Dundee University team reconstruct face of brutally murdered Pictish man

Professor Dame Sue Black and her team at the University of Dundee’s Centre for Anatomy and Human Identification (CAHID) have reconstructed the face of a Pictish man they showed to have been brutally murdered 1,400 years ago.

Archaeologists excavating a cave in the Black Isle, Ross-shire, found the skeleton of a man buried in a recess of the cave. The body had been placed in an unusual cross-legged position, with large stones holding down his legs and arms.

Professor Black, whose team – including Dr Christopher Rynn and PhD students Micol Zuppello, Viviane Lira and Samantha Goodchild – have been able to describe in detail the injuries he sustained as well as to digitally reconstruct what the man looked like.

They identified at least five impacts that resulted in fracturing to the face and skull, allowing them to compile a detailed account of how the man died.

Professor Black said: “The first impact was by a circular cross-section implement that broke his teeth on the right side. The second may have been the same implement, used like a fighting stick which broke his jaw on the left. The third resulted in fracturing to the back of his head as he fell from the blow to his jaw with a tremendous force possibly onto a hard object perhaps stone.
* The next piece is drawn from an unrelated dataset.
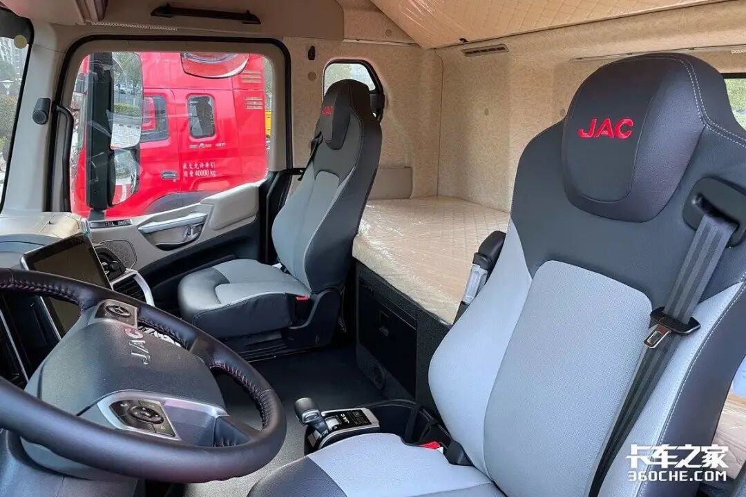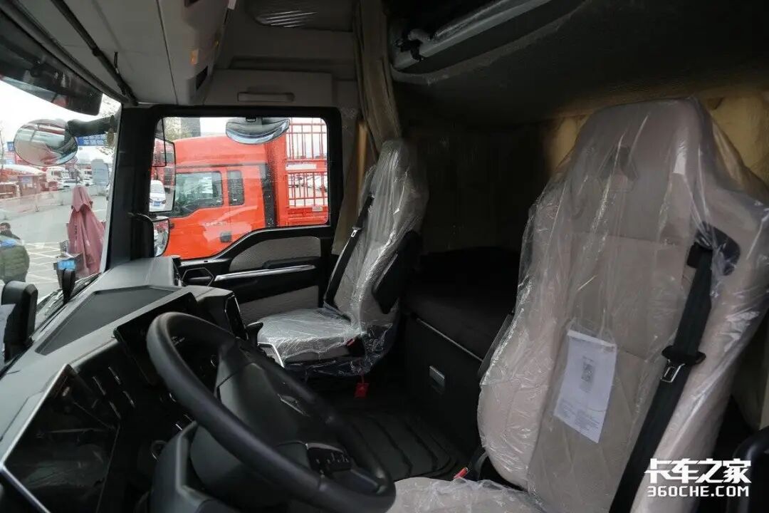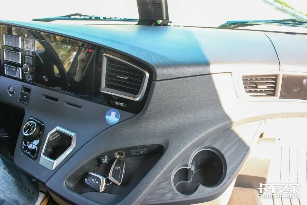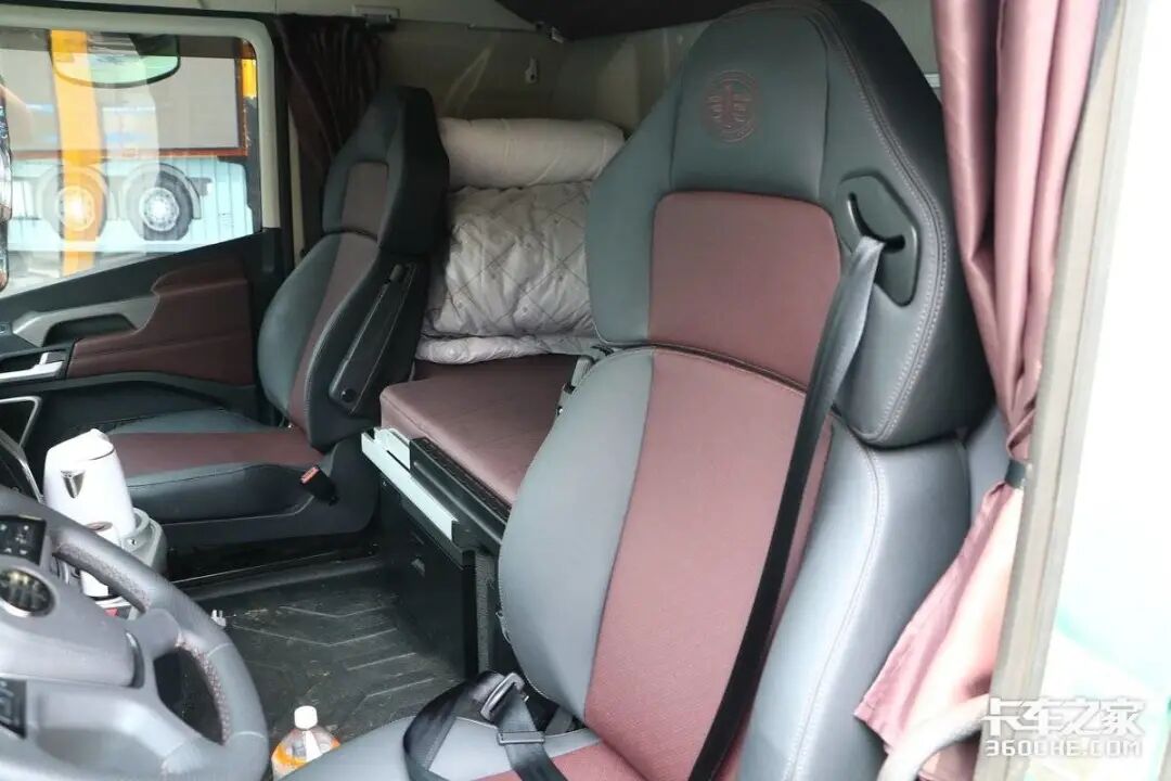 最后就是驾驶室设计,这款超越Q7采用高顶双卧平地板驾驶室,其内部的活动空间非常大。在舒适性上,除了四点气囊悬浮驾驶室,该车主副驾座椅均具备气囊减震功能,主驾的气囊减震座椅还有通风、加热功能。通风加热功能对南北方都跑的卡友很有用,不用担心屁股冷热两极化。

“The fourth impact was intended to end his life as probably the same weapon was driven through his skull from one side and out the other as he lay on the ground. The fifth was not in keeping with the injuries caused in the other four where a hole, larger than that caused by the previous weapon, was made in the top of the skull.”

A bone sample sent for radiocarbon dating indicates that he died sometime between 430 and 630 A.D., commonly referred to as the Pictish period in Scotland.

The skeleton was discovered when a team of volunteers were digging to determine when the cave might have been occupied. Below substantial layers relating to cave-use since the turn of the 20th century, they found evidence that the cave had been used for iron-smithing during the Pictish period.